I told him that a poet named Jane Kenyon had written “Let Evening Come.” He didn’t need to know that she’d died of cancer, only that she had a message: he wasn’t alone—he would never be alone—for God does not leave us comfortless. As a writer, I’d always marveled at the poem’s simple construction, how Kenyon delivers a message without a messenger, how all creation—sun, stars, moon, nature, animals, humans—is commanded without any show of force. Kenyon cleverly hides, in plain sight, the Genesis-initiating command to “Let there be light,” by mirroring it with “Let evening come.” Evening is to death as light is to life: they are the same but not equal. Here the word “evening” has the equally important function of bringing forth the concept of an even-ing, a leveling or smoothing. As “the light of late afternoon” is “moving up the bales as the sun moves down,” the statement “Let evening come” means also to “Let even-ing come.” The balance that Kenyon achieves between the natural and the spiritual worlds makes me want to genuflect in awe.
     Even though, or maybe even because my father was unaware of the poem’s structure, it did what I knew it could do. It offered my father a thread of words to follow into the darkening shed that was his body. For a moment he was tethered; the spiral of despair was stayed. I’d wanted to give him what poetry gives me in general, and also what a particular poem does when the timing is right—when the printed words merge with both the poet’s voice and my need. Then the message connects with my mind, heart, and soul, allowing what I know, believe and hope to become one. I was glad for my father, while at the same time feeling that tinge of jealously I get when someone hears a truly good poem for the first time. Added to that was the reality of my experience at that moment was far less satisfying for one other reason: Kenyon’s poem was based on acceptance and I was not ready to accept that my father was dying. The pace of my journey was more charged. I stood shoulder to shoulder, shaking my fist at the sky, with Dylan Thomas:
And you, my father, there on the sad height,
Curse, bless, me now with your fierce tears, I pray.
Do not go gentle into that good night.
Rage, rage against the dying of the light.
What adult child would not swing that hammer of  words? What dying person would not want Kenyon’s? As a writer there were no words for me to write, at least not yet.
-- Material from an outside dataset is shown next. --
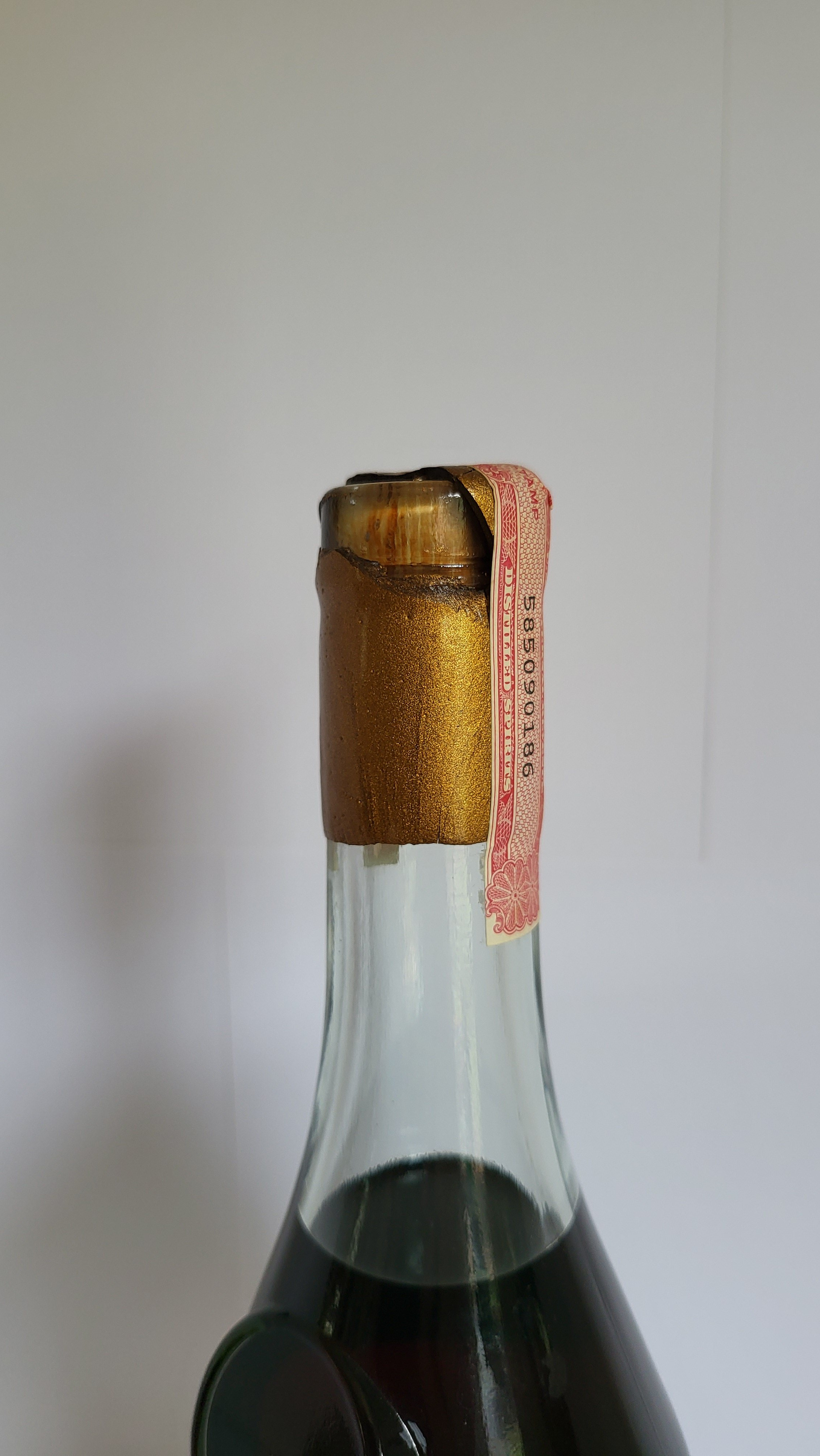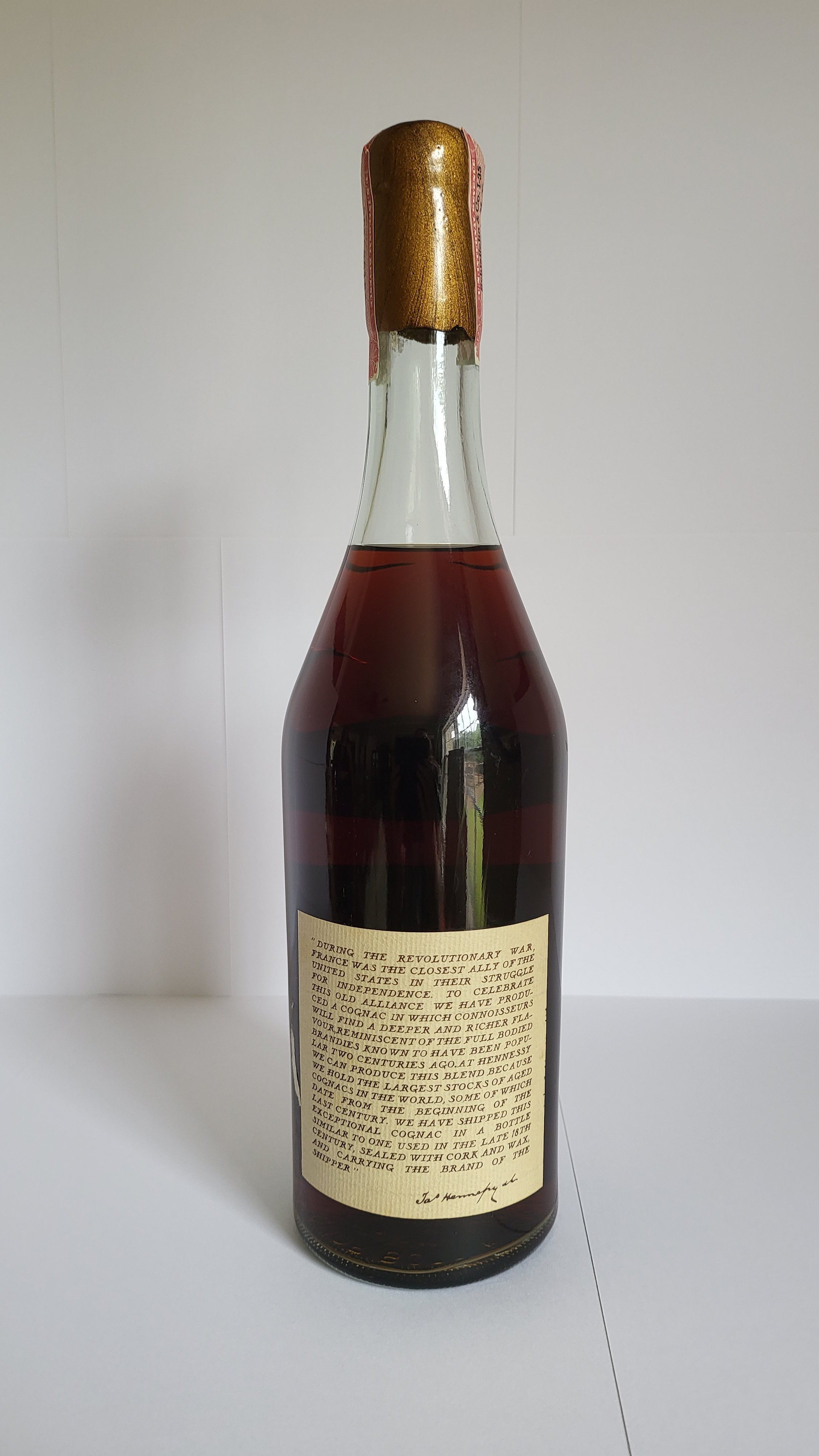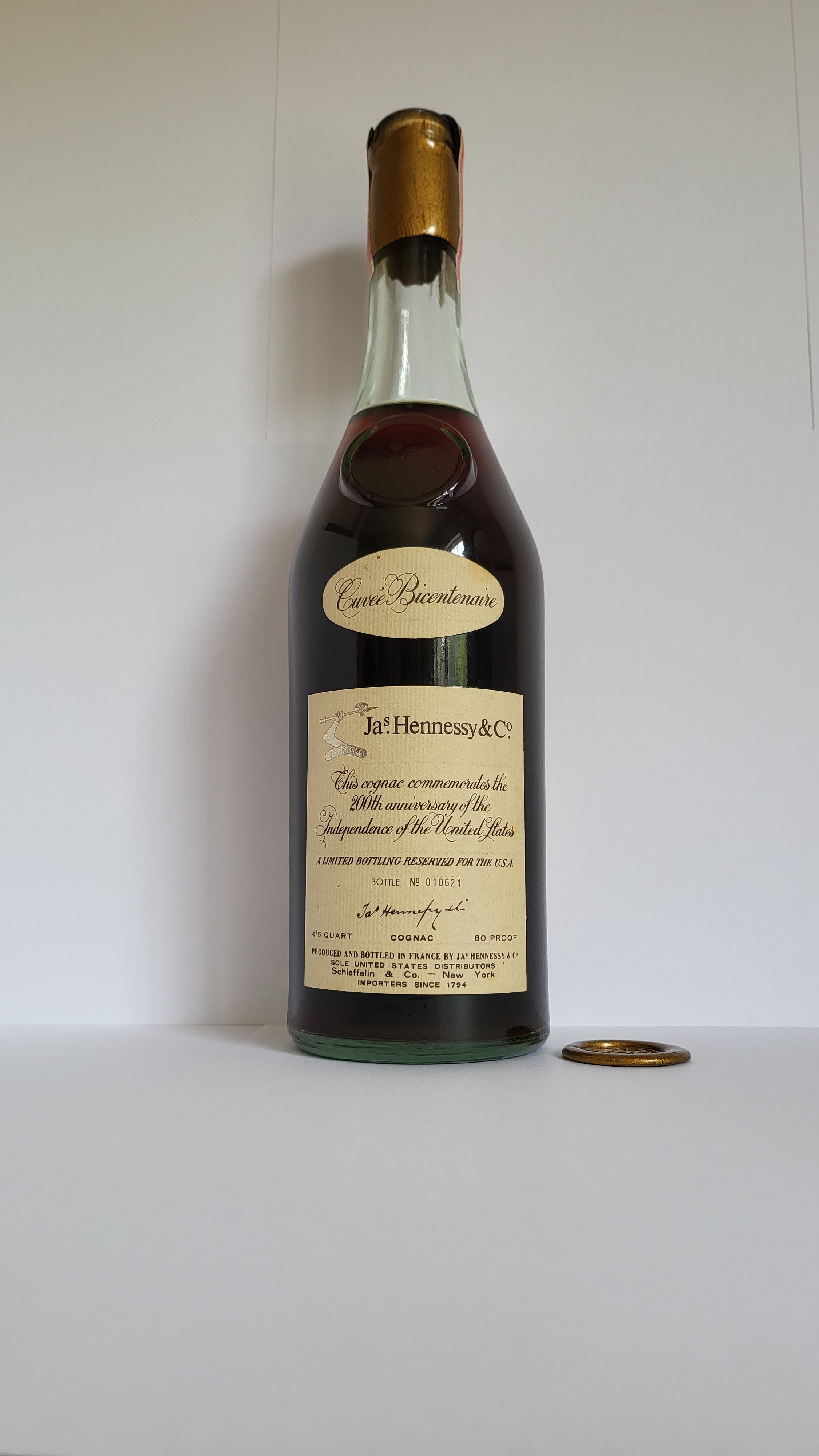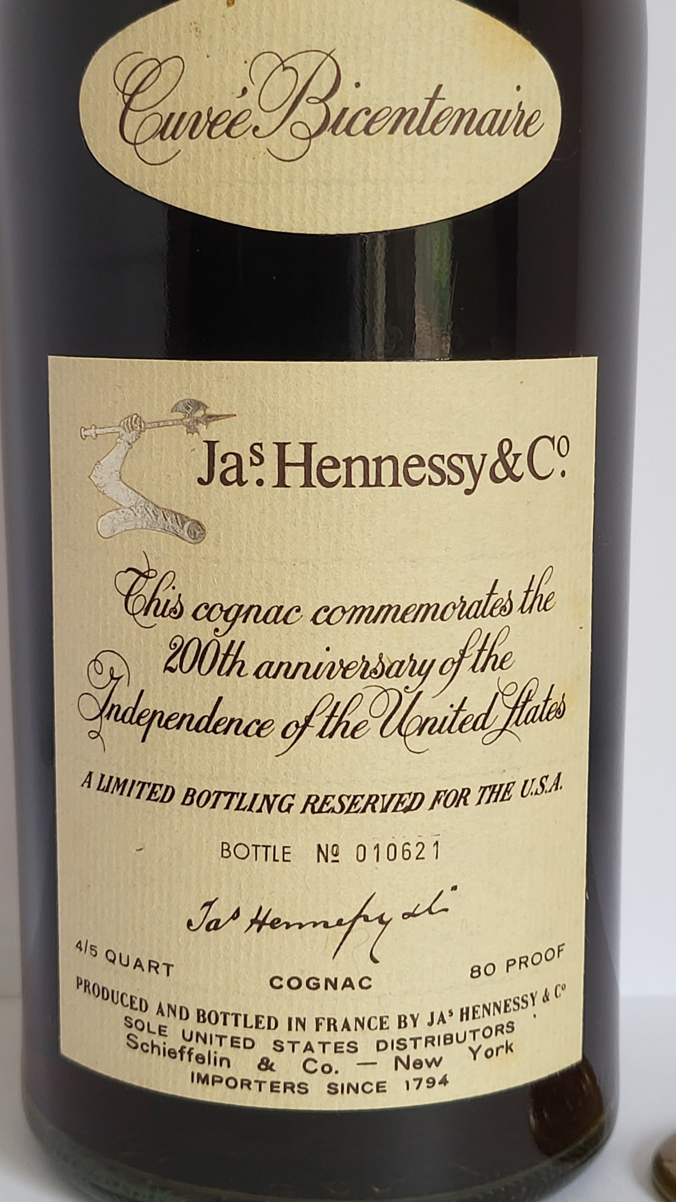 - 1) Text on label: Front label: Cuvée Bicentenaire Jas Hennessy & Cº. This cognac commemorates the 200th anniversary of the Independence of the United States A LIMITED BOTTLING RESERVED FOR THE U.S.A. BOTTLE No 010621 Jas' Hennessy &c. 4/5 QUART COGNAC 80 PROOF PRODUCED AND BOTTLED IN FRANCE BY JAS HENNESSY & Cº SOLE UNITED STATES DISTRIBUTORS Schieffelin & Co. — NEW YORK IMPORTERS SINCE 1794 Front, oval label: Cuvee Bicentenaire Front, main label: Jas.Hennessy & Co. This cognac commemorates the 200th anniversary of the Independence of the United States A LIMITED BOTTLING RESERVED FOR THE U.S.A. BOTTLE No 010621 Jas. Hennessy & L. 4/5 QUART 80 PROOF COGNAC PRODUCED AND BOTTLED IN FRANCE BY JAS HENNESSY & C° SOLE UNITED STATES DISTRIBUTORS Schieffelin & Co. – New York IMPORTERS SINCE 1794 Back label: DURING THE REVOLUTIONARY WAR ...DISTILLATES IN THEIR SEPARATE ...RICH GOLDEN COLOR AND MELLOW ...WILL CONTINUE TO DO HONOR TO ITS NAME ...IN CELEBRATION OF THE BICENTENNIAL ...HAVE RESERVED FOR THE AMERICAN PEOPLE ...HOLDING THIS OLD BOTTLE THE PRIVILEGE OF ...WHICH HAS RECENTLY REACHED ITS 200th ...FAR FROM THE BEGINNING OF ITS ...TO BE PASSED ON FROM GENERATION ...A SYMBOL OF COOPERATION, THE LIFE ...PARTAKING OF THE WARMING OF THIS ...THE BRAND OF [unreadable signature] 2) Visual elements: Graphics include a circular embossed glass seal on the shoulder featuring the Hennessy arm-and-axe logo. A smaller version of this logo is printed on the main label. There is also a red wax seal applied to the shoulder. Font styles include a decorative script for "Cuvée Bicentenaire," a block serif font for "Jas Hennessy & Co," and a mix of script and sans-serif fonts for the remaining text. Bottle form: The bottle is a standard cognac shape with rounded, sloping shoulders and a long neck. The closure is a cork stopper covered by a gold foil capsule. A red paper strip, possibly a tax band, is present over the capsule. The glass is clear/light green at the neck and appears to be dark green for the body. CRITICAL: Label and Bottle Condition Assessment Label condition: The labels are in very good condition, showing some age-related yellowing. The smaller oval label has a minor dark spot. The main label is clean with no visible tears, peeling, or significant stains. Capsule/Seal condition: The gold foil capsule is fully intact, with minor age-related wrinkling but no tears or signs of corrosion. The seal appears firm and original. Tax stamp/band: A red paper tax band is present over the capsule. It appears intact and unbroken, though slightly faded. Cork/Stopper condition: The cork is not visible, but there are no signs of leakage or staining around the neck or capsule. The seal appears sound. Glass bottle condition: The glass is clean and clear, with no visible scratches, chips, or cracks. No significant sediment is visible. Overall condition summary: Overall condition: Very Good. The bottle presents very well for its age. The most notable issues are minor, age-appropriate yellowing of the labels and a small spot on the oval label. Emblem: A graphic of an arm holding an axe (Bras Armé) appears on the mid-upper front label. Strip label: A red and white strip label with serial number "585090186" and "DISTILLED SPIRITS" text is wrapped over the cork and upper neck. It features a central emblem resembling an eagle. Capsule: A gold-colored foil capsule covers the cork and extends down the neck beneath the strip label. Front Labels: The main front label is rectangular and beige/cream. An oval-shaped label is attached to its left. Back Label: A rectangular, plain off-white/cream back label with dense text. Font Styles: The main brand name ("Jas.Hennessy & Co.") and "Cuvee Bicentenaire" on the front label use an elegant serif font. The commemorative text is in a prominent cursive/script font. Other informational text (proof, quart, bottling details) is in various sizes of clear serif fonts. Signatures are in cursive. The back label uses a simple serif font. 3) Fill level estimate: well above shoulder into neck: great

I knew that shaping coherence out of grief takes decades; the distillation process can’t be hurried. I’ve read pieces where the author has, for emotional or financial reasons, published such work and it always lacks a certain grace—the grace of comfort, I think.
     When there are only “other words” for me to give, I’m confident that from my personal and formal studies I’ll find something appropriate for any “non-poetry” person on any occasion. My family members have all heard of Emily Dickinson, but they’d be surprised to know that she wrote, “I like the look of agony/Because I know it’s true.” Properly timed, poems can have an effect like no other form of written expression for confronting grief. Ironically, for  joyous occasions something from Hallmark is the most effective and least costly (in terms of work and research) to take. Joyful messages proclaim only one of three things: I’m happy for me, I’m happy for you, or I’m happy for us. One can state outright, “I’m so happy for you,” and the message is complete. But to write, “I’m so sorry for you”…what does that mean? Maybe the main problem with grief is that it comes from a barren island sparsely inhabited by monochromatic memories:
A door just opened on a street—
I, lost, was passing by—
And instant's width of warmth disclosed,
And wealth, and company.

The door as sudden shut, and I,
I, lost, was passing by,—
Lost doubly, but by contrast most,
Enlightening misery.

My friend is familiar with all of Dickinson’s works. In fact, he’d once written me in a fury when I sent him some quotes, blithely unaware that the editor had repunctuated her work into “standard” form. All the sentiment that I’d intended was lost on R---  in his scholarly pursuit of properly punctuated poems.
     Knowing, as Emily states, “I measure every grief I meet/With analytic eyes/I wonder if it weighs like mine/Or has an easier size,” I’m at a loss on what I can write to R--- in the midst of a depression. He is far more knowledgeable than me, so what words can I send? Perhaps my title, “How Does One Comfort a Poet,” was misleading. It implied that I was going to answer the question, instead of raising more of them. For all my sincerity, the closest I can come to any answer is to think back to the magical affect T. S. Eliot’s poem, “The Love Song of J. Alfred Prufrock,” had on my neighbor. Mr. L---- suffered a stroke at the age of seventy six and lost the ability to read to such an extent he couldn’t read his own name, or anything he wrote with his own hand. One morning I’d walked over and we sat in his parlor drinking tea. He was in fairly good spirits, but complained every so often  about this or that: he forgot names, his hearing wasn’t good, he couldn’t bite into apples, doughnuts gave him heartburn. From my meager repertoire, I mentally substituted pronouns in a verse from Prufrock, gave a mock sigh and exclaimed:
You grow old ... You grow old ...
You shall wear the bottoms of your trousers rolled.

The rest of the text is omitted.